Cancer newsFeb 18, 2010

Genetic abnormalities—missing DNA or duplicate DNA—that fuel the growth of one type of cancer may actually be at work in several others, U.S. researchers said on Wednesday.

The finding, based on a large-scale study of the genetic make-up of 26 different types of cancers, suggests cancer has less to do with where in the body it occurs, and more to do with the genetic changes that cause it to grow.

“A lot of the events that cause cancer are common between cancers of different tissue types,” said Matthew Meyerson of the Dana-Farber Cancer Institute and the Broad Institute of Harvard and the Massachusetts Institute of Technology in Boston, whose study appears in the journal Nature.

"You have breast cancer, lung cancer, cancer of the kidney—many of the events that cause these cancers are going to be the same,” Meyerson said in a telephone interview.

“What that means for treatment is that many treatments may be used across many different kinds of cancers.”

The finding is based on an effort started in 2004 to systematically map the genetic changes across different types of cancers.

The team focused on specific aberrations in the genetic code known as somatic copy-number alterations, in which segments of a tumor’s genome contain extra copies of a piece of DNA or lack the segment altogether.

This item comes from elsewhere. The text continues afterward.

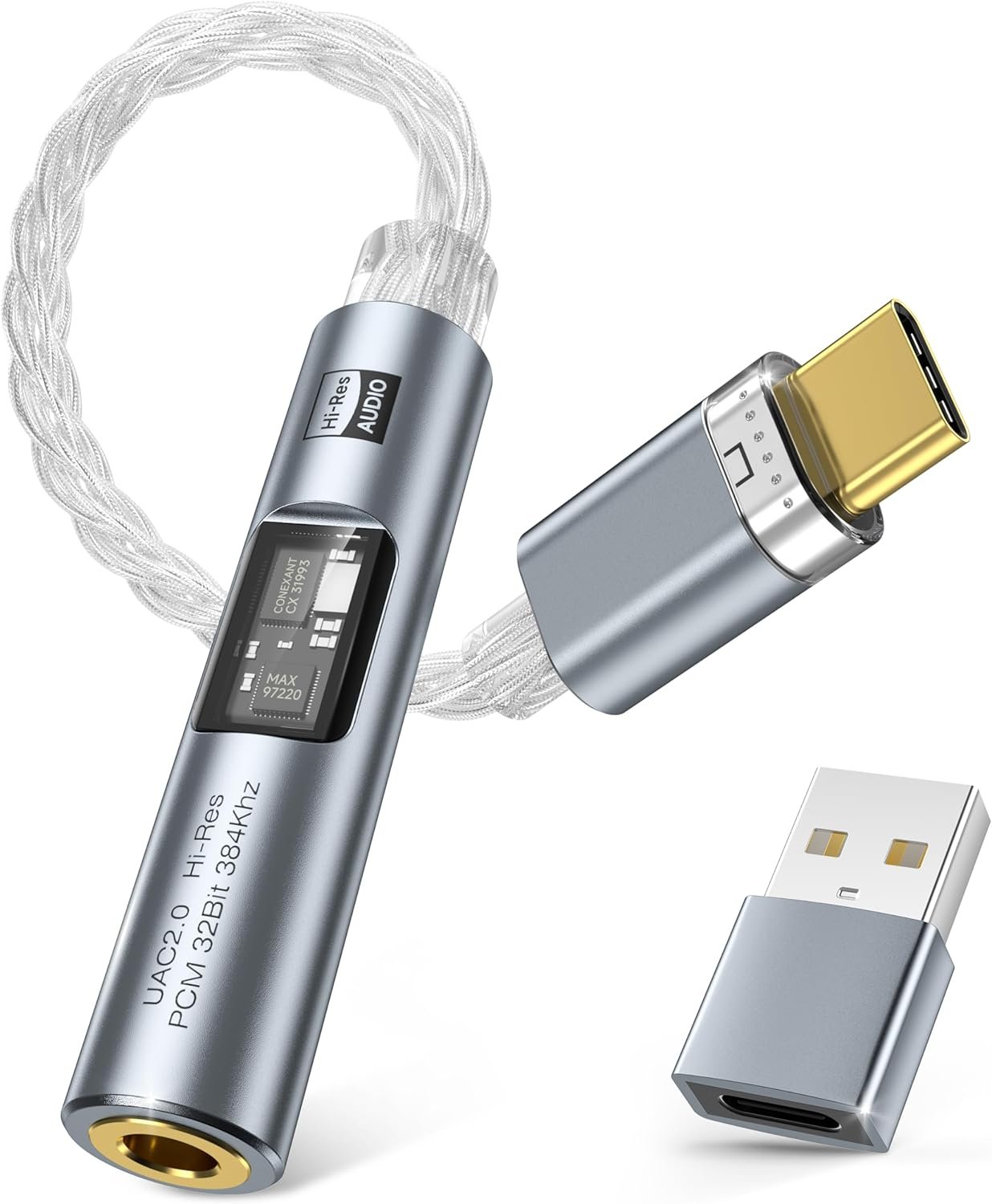 USB C to 3.5mm DAC Dongle with Dual Chip CX31993 MAX97220, HiFi Headphone Amplifier, 32Bit/384kHz Hi-Res Audio, Includes USB-A Adapter for iPhone 17/16/15,Android,PC,Mac,iPad,PS5
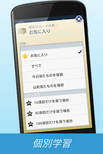 いずれのカードもお気に入りとしてマークし、一日中その単語に焦点を合わせるカスタムカードの束を作ることができます。記憶するために、その日の始めに練習したことを復習するレビューモードをオンにすることもできます。

For the study, the team collected more than 2,500 cancer specimens representing more than 24 cancer types, including lung, prostate, breast, ovarian, colon, esophageal, liver, brain and blood cancers.

They combined this with publicly available data from another 600 tumor samples.

“What we’re seeing here is that the copy number events that are happening in some of one cancer type are happening in some of another cancer type,” Meyerson said.

Out of 17 different types of cancer, they found that most copy number changes—either extra or missing DNA—were present in more than one type.

For drug companies, Meyerson said the finding suggests that rather than developing drugs to treat a specific type of cancer, companies may need to focus on drugs that target genetic changes that drive cancer growth.

“In principle, there could be broader drugs that could be effective against many cancers,” he said.